In a sense this is precisely the argument.
For 20 years Intel has claimed and behaved as though x86 were so fantastically valuable that nothing else mattered. (Intel the company, not just its fans.) Nothing else explains such bizarre product designs as Larrabee/Phi or Atom or Quark, all of which were less than they could be because of the decision to use x86.
This was indeed a "not valuing the opposition seriously".
Now, even though Intel the company finally appears to accept that they have serious competition, a second myth has now arisen, no longer "everyone needs x86 for everything" but "ISA just doesn't matter very much; there's nothing wrong with x86 that some hard work and new CPU designs won't fix".
Right now this is the new line being touted by the x86 fans. Obviously I think (on technical grounds) that it's nonsense, that for a variety of reasons x86 is a permanent millstone around Intel's (and AMD's) neck. But my opinion doesn't matter, what matters is Intel's opinion. If Intel swallows this koolaid then, IMHO, we get another five to ten wasted years as they try to attach wings to a blue whale and discover the result is not actually a great flyer.
So the questions that matter are:
- what does INTEL (not me, not you, INTEL) think is the cause of their stumbles over the past ten years. (And will they tell us? Will a Burning Platform or Trustworthy Computing memo leak out?)
- in Gelsinger as a human being, how much does "nostalgia" overcome "rationality". Gelsinger has deep experience at the engineering level with x86. On the plus side, this means he knows something about the product. On the minus side, how much of his experience is tinged with the happiness of twenty years of Intel's glory days from the late 80s onward, with a feeling that "people laughed at x86 then and we showed them; we can do it again"?
When Jobs returned to Apple, the Apple he wanted to preserve was "Give people delightful products" not the Apple of "Mac OS was just great the way we shipped it in 1984, all we need going forward is an update System 7".

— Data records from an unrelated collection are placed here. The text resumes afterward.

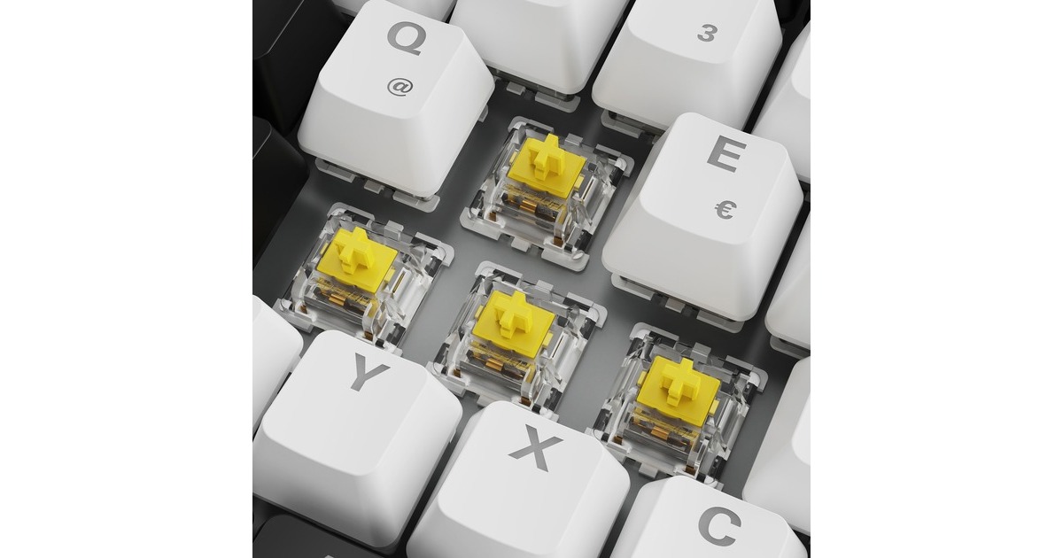 ABS-Tastenkappen, doppellagige Silikondämpfung, Positionierungsplatte aus Polycarbonat, QMK- und VIA-kompatibel |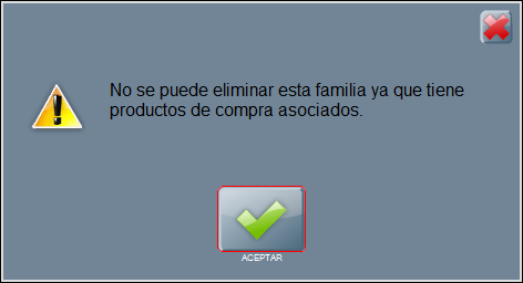 Si la familia tiene productos de compra asignados, ésta no podrá eliminarse.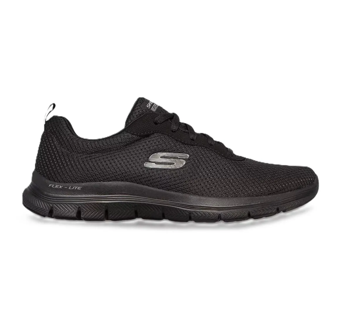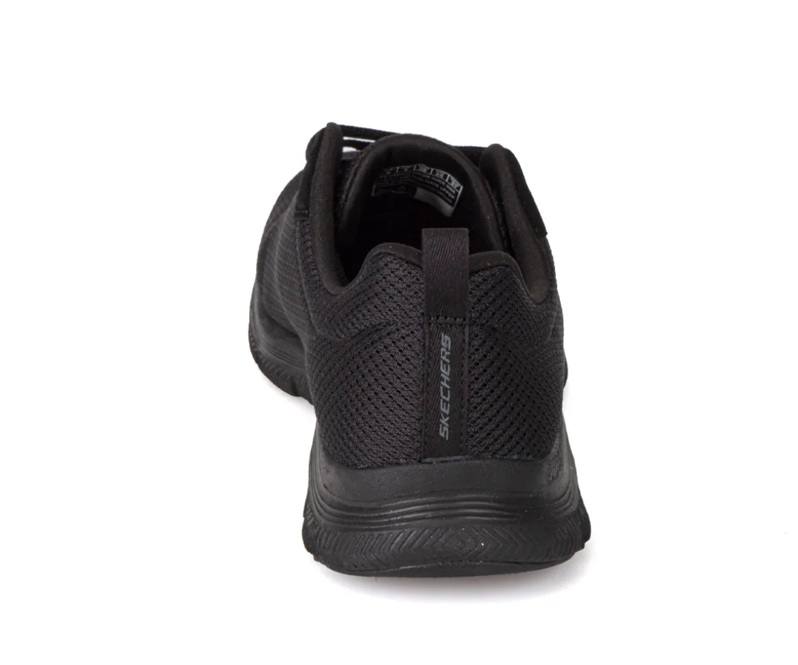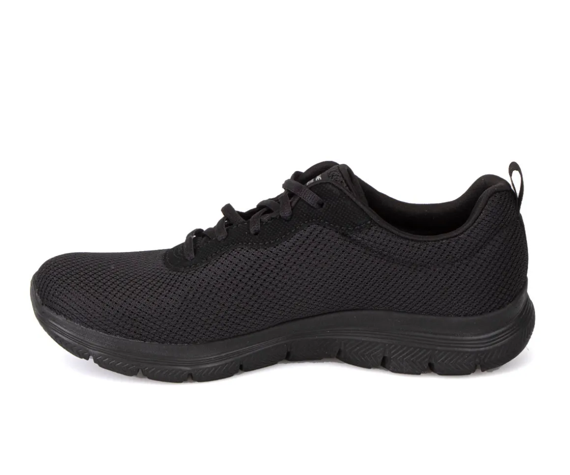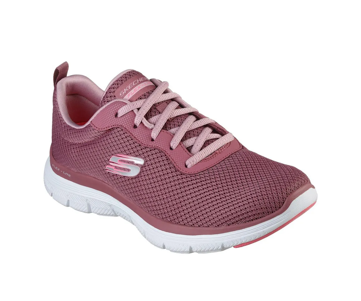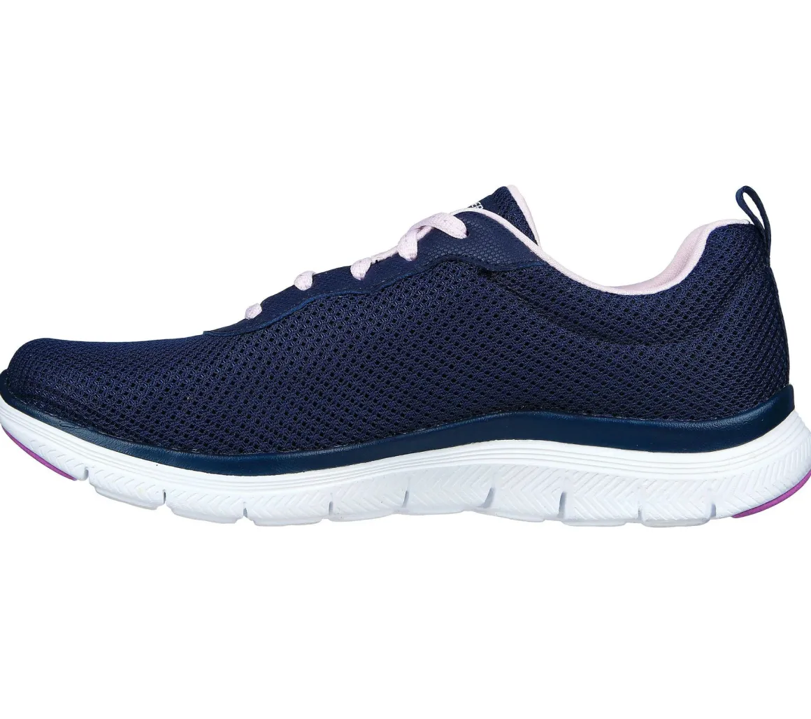 Ces chaussures athlétiques Flex Appeal 4.0 Skechers pour femmes sont lacées, avec une empeigne en tissu maillé et une semelle extérieure en EVA avec insertion de caoutchouc. Elles sont lavables en machine.

Is Gellsinger's vision of Intel "we are defined as 'we make the best CPUs, period'"? Or is it "we make x86 CPUs, period?"

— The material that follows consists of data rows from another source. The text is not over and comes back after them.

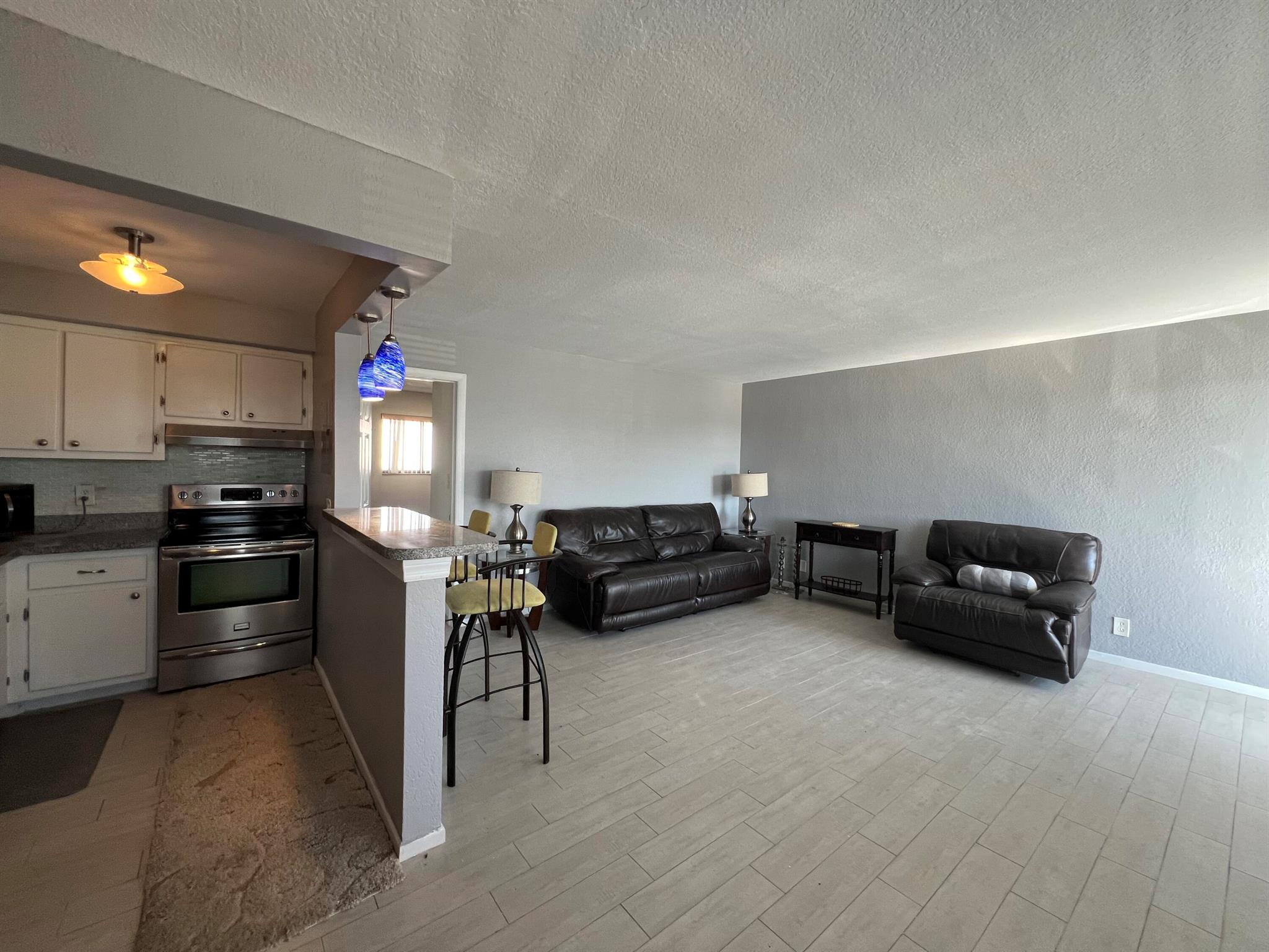 Large one bedroom apartment sitting on the Earman Canal. Large living room and bedroom with walk in closet and extra closet space. Stainless steel appliances included microwave. Kitchen counter space for bar stools. Tile shower, no tub. Wall A/C units. Dining area. Shared Laundry facility. Boat dock on property. One designated parking and guest parking. 1 yr Lease.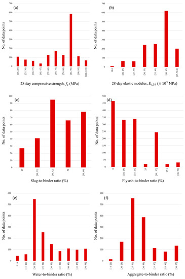 Histograms of input variables relating to concrete properties: (a) 28-day compressive strength, (b) 28-day elastic modulus, (c) slag-to-binder ratio, (d) fly ash-to-binder ratio, (e) water-to-binder ratio and (f) aggregate-to-binder ratio.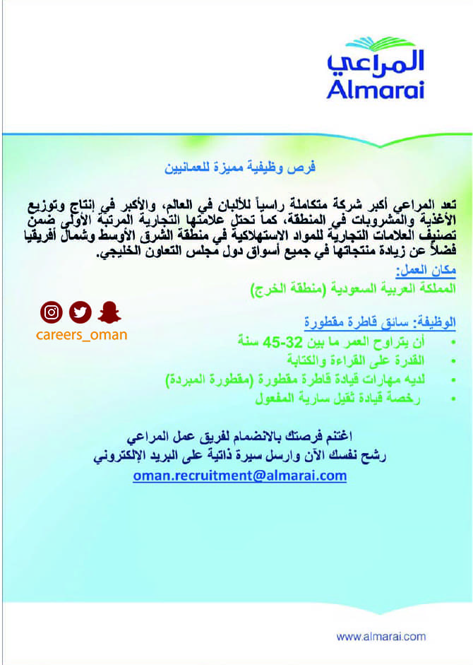 الموضوع: الاحد 5 / 12 / 2021 - شركة المراعي - فرص وظيفية للعمانيين ( سائق قاطرة مقطورة )

This is, IMHO the only question that matters, but it's also the one that no-one is answering. Making some products at TSMC, taking Apple (and ARM and AMD) seriously; these do not matter. What matters is WHY you think Intel went wrong, because that shapes what you do differently going forward. IMHO an Intel going forward that designs CPUs in the same as today maybe beat AMD, but it won't beat Apple and ARM, regardless of whether it's using TSMC's process and whatever fancy chiplet, EMIB, and Foveros packaging it cares to use.